[Air-L] Social Media data fraught with biases and distortion

Katja Mayer katja.mayer at univie.ac.at
Sun Nov 30 11:35:14 PST 2014


FYI:
http://www.sciencemag.org/content/346/6213/1063.summary

 From the press release:
Using Social Media For Large Behavioral Studies Is Fast and Cheap, But 
Fraught With Biases and Distortion

PITTSBURGH—The rise of social media has seemed like a bonanza for 
behavioral scientists, who have eagerly tapped the social nets to 
quickly and cheaply gather huge amounts of data about what people are 
thinking and doing. But computer scientists at Carnegie Mellon 
University and McGill University warn that those massive datasets may be 
misleading.
In a perspective article published in the Nov. 28 issue of the journal 
Science, Carnegie Mellon’s Juergen Pfeffer and McGill’s Derek Ruths 
contend that scientists need to find ways of correcting for the biases 
inherent in the information gathered from Twitter and other social 
media, or to at least acknowledge the shortcomings of that data.

And it’s not an insignificant problem; Pfeffer, an assistant research 
professor in CMU’s Institute for Software Research, and Ruths, an 
assistant professor of computer science at McGill, note that thousands 
of research papers each year are now based on data gleaned from social 
media, a source of data that barely existed even five years ago.
“Not everything that can be labeled as ‘Big Data’ is automatically 
great,” Pfeffer said. He noted that many researchers think — or hope — 
that if they gather a large enough dataset they can overcome any biases 
or distortion that might lurk there. “But the old adage of behavioral 
research still applies: Know Your Data,” he maintained.
Still, social media is a source of data that is hard to resist. “People 
want to say something about what’s happening in the world and social 
media is a quick way to tap into that,” Pfeffer said.
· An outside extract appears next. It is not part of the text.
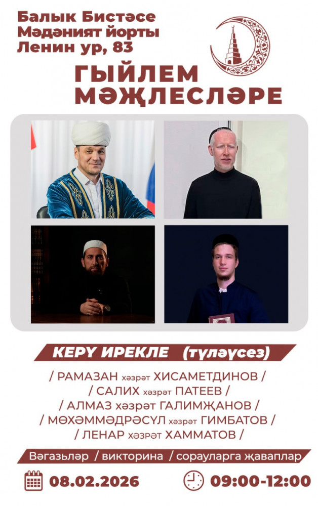 8 февраля (в 20-й день месяца Ша’бан) в Рыбно-Слободском мухтасибате состоится очередная встреча хазратов с населением под названием «Гыйлем мәҗлесләре». Ожидается, что на встречу придут не только жители Рыбно-Слободского района, но и мусульмане из соседних районов: Лаишевского, Пестречинского, Мамадышского, Алексеевского и Чистопольского.

Following the 
Boston Marathon bombing in 2013, for instance, Pfeffer collected 25 
million related tweets in just two weeks. “You get the behavior of 
millions of people — for free.”

The type of questions that researchers can now tackle can be compelling. 
Want to know how people perceive e-cigarettes? How people communicate 
their anxieties about diabetes? Whether the Arab Spring protests could 
have been predicted? Social media is a ready source for information 
about those questions and more.
But despite researchers’ attempts to generalize their study results to a 
broad population, social media sites often have substantial population 
biases; generating the random samples that give surveys their power to 
accurately reflect attitudes and behavior is problematic. Instagram, for 
instance, has special appeal to adults between the ages of 18 and 29, 
African-Americans, Latinos, women and urban dwellers, while Pinterest is 
dominated by women between the ages of 25 and 34 with average household 
incomes of $100,000. Yet Ruths and Pfeffer said researchers seldom 
acknowledge, much less correct, these built-in sampling biases.

Other questions about data sampling may never be resolved because social 
media sites use proprietary algorithms to create or filter their data 
streams and those algorithms are subject to change without warning. Most 
researchers are left in the dark, though others with special 
relationships to the sites may get a look at the site’s inner workings. 
The rise of these “embedded researchers,” Ruths and Pfeffer said, in 
turn is creating a divided social media research community.
As anyone who has used social media can attest, not all “people” on 
these sites are even people. Some are professional writers or public 
relations representatives, who post on behalf of celebrities or 
corporations, others are simply phantom accounts. Some “followers” can 
be bought. The social media sites try to hunt down and eliminate such 
bogus accounts — half of all Twitter accounts created in 2013 have 
already been deleted — but a lone researcher may have difficulty 
detecting those accounts within a dataset.

“Most people doing real social science are aware of these issues,” said 
Pfeffer who noted that some solutions may come from applying existing 
techniques already developed in such fields as epidemiology, statistics 
and machine learning. In other cases, scientists will need to develop 
new techniques for managing analytic bias.